Another terminating logic is the Jankov Logic (see Ex. 3); actually, also in this case the learned axiom can be chosen by renaming the \(\mathbf {wem} \) axiom. In general, all the logics \(\mathrm {BTW}_{n}\) (Bounded Top Width, at most n maximal worlds, see [2]) are terminating. An intriguing case is Scott Logic \(\mathrm {ST} \) [2]: even though the class of \(\mathrm {ST} \)-frames is not first-order definable, we can implement a learning procedure for \(\mathrm {ST} \)-axioms arguing as in [7] (see Sec. 2.5.2). Some of the mentioned logics have been implemented in intuitRILFootnote 1.

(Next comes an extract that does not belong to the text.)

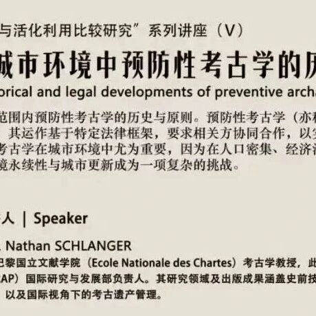 讲座回顾 | Nathan SCHLANGER教授:城市发掘——城市环境中预防性考古学的历史与法律发展
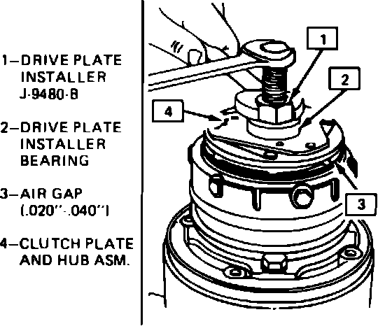 3. Using tool J-9480-B, press hub onto shaft until there is approximately .020 to .040 inch clearance between clutch plate and rotor frictional surfaces, Fig. 5.

One may wonder whether this method can be applied to other non-classical logics or to fragments of predicate logics (these issues have been already raised in the seminal paper [4]). A significant work in this direction is [11], where the procedure has been applied to some modal logics. However, the main difference with the original approach is that it is not possible to use a single SAT-solver, but one needs a supply of SAT-solvers. This is primarily due to the fact that forcing relation of modal Kripke models is not persistent; thus worlds are loosely related and must be handled by independent solvers.